A set of tax proposals issued today by Rep. Chris VanHollen (D-Md.), the ranking Democrat on the House Budget Committee, may lay the foundation for Democratic employee benefit-related legislation this year and beyond.

The proposals, described as an “action plan to grow the paychecks of all, not just the wealth of a few,” touch on profit sharing, retirement saving incentives and childcare benefits. “Surely we can change the tax code to incentivize corporations to give employees bigger paychecks and reward people who earn money through hard work,” according to VanHollen.
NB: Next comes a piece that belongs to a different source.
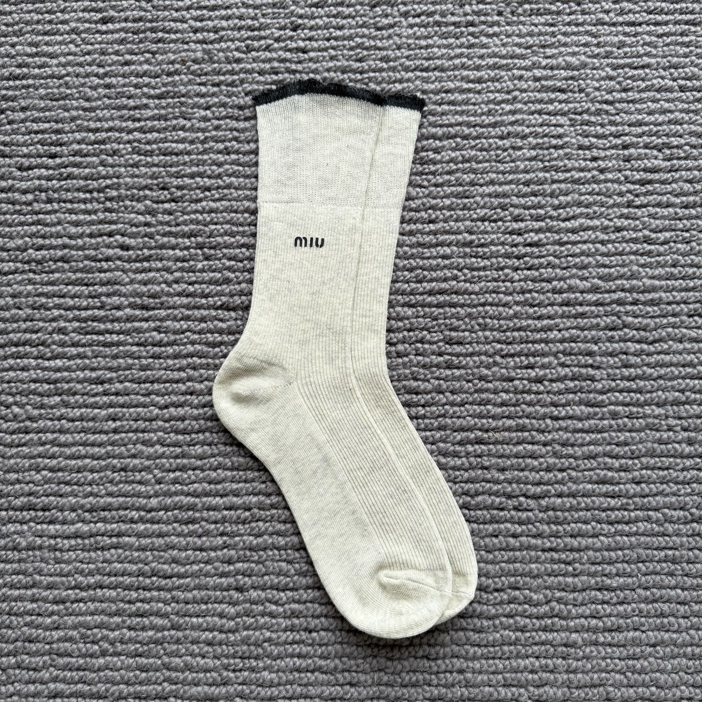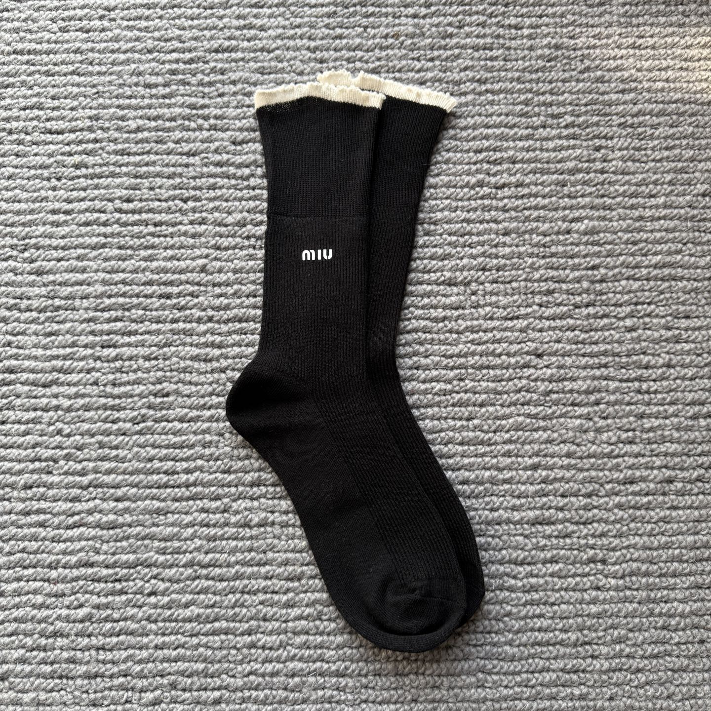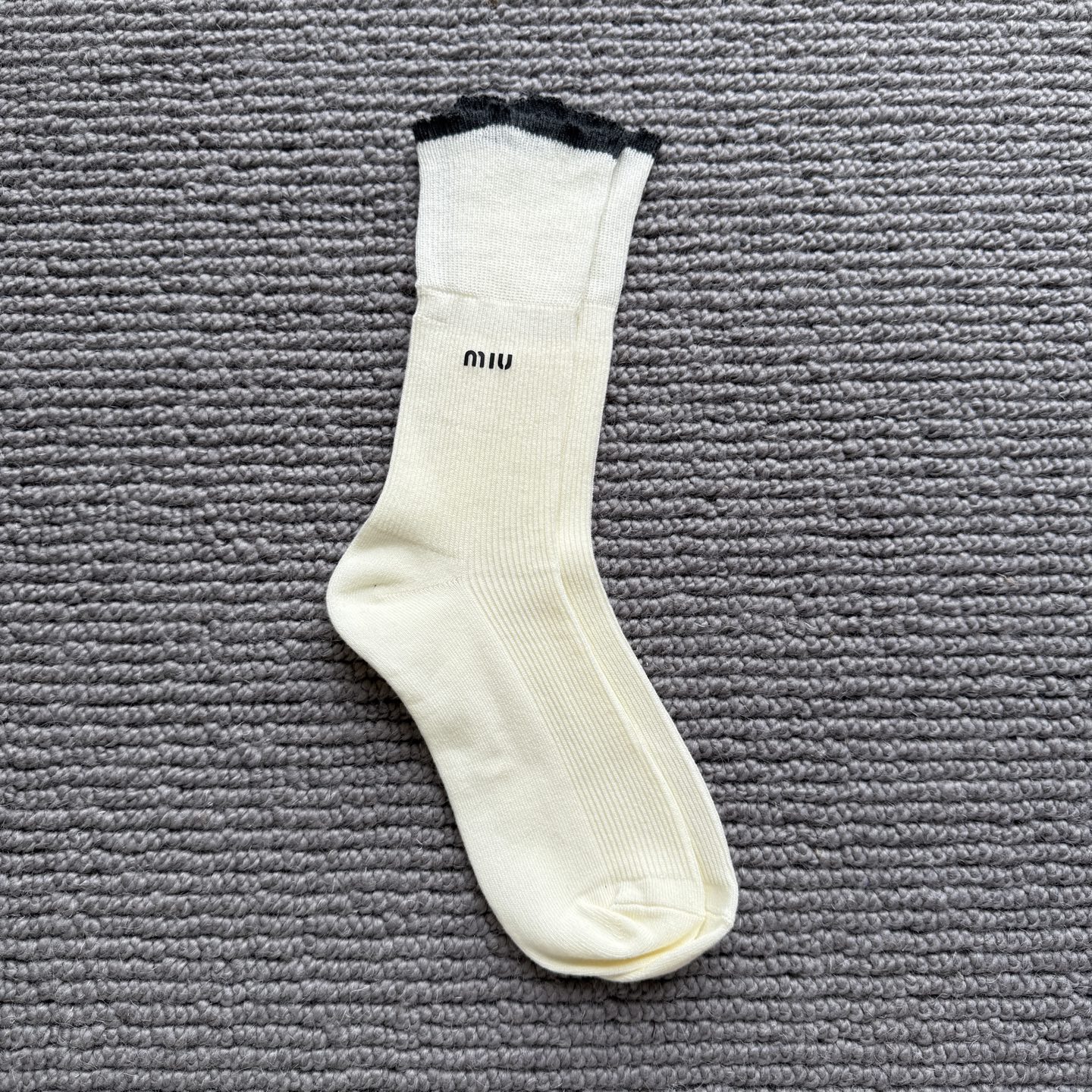 这款sock是AAAAA 1:1 质量 (非常棒). 使用了和原版一模一样的材料. 商标部分也保持了和缪缪/Miu Miu一样. 图片拍摄是实物sock拍摄, 您所收到的实物保证和我们图片一模一样.

Although most of his proposals are not likely to find favor with House Republicans who hold a strong majority in that Chamber, some could ultimately gain traction as bargaining chips in a larger bipartisan tax reform effort. Specific benefit and compensation proposals in VanHollen’s list include the following:

  • Incentives for employee ownership and profit-sharing: VanHollen would restrict executive stock options to companies that “provide their employees with ownership and profit sharing plans meeting certain standards.” The standards were unspecified.  The proposal includes a carrot for corporations: The current $1 million cap on deductibility of executive compensation would be lifted for companies that create those employee ownership and profit-sharing opportunities.
  • CEO bonus carrot and stick: VanHollen today called attention to legislation he proposed last fall, the “CEO-Employee Paycheck Fairness Act.” That proposal set a $1 million cap on the currently unlimited deductibility of incentive-based executive compensation, unless the company’s compensation policy meets certain standards. Specifically, to avoid that cap companies would need to be giving all employees raises “that reflect increases in worker productivity and the cost of living.” Also companies that are downsizing would be ineligible for unlimited deductibility of incentive-based compensation.
  • Retirement savings tax credit: All employee wages would be eligible for a $1,000 tax credit ($2,000 for couples). The idea is to counterbalance lower tax rates available for investment income. Employees who park at least $500 of that $1,000 in a retirement plan or start a “myRA” would get an additional $250 tax credit.
  • Child and dependent care tax credit: VanHollen would increase the current $3,000 per child/$6,000 maximum for multiple children to $8,000/$16,000, while phasing out the credit for households with incomes of at least $200,000.

Other proposals contained in the package released Monday include tax incentives for companies offering apprenticeship programs, and to the second earner in a two-earner household.
Also see: Hatch presses small employers to offer 401(k)s

VanHollen said the federal tax revenue loss from the proposals would be offset by reducing lower tax rates for investment income and by imposing a tax on investment transactions, though no details were offered. The idea, he stated, is to “change the way our current tax code is rigged in favor of those who make money off of money, and against those who make money from work.”

The Obama administration is reportedly in favor of these proposals.

On the one hand, should any of these proposals ever be enacted, many employers may bristle at the prospect of having more federal strings attached to their compensation and benefits programs. At the same time, the more employees are able to net from their paychecks due to new tax incentives, the pressure on employers to increase their compensation could, in theory, be reduced.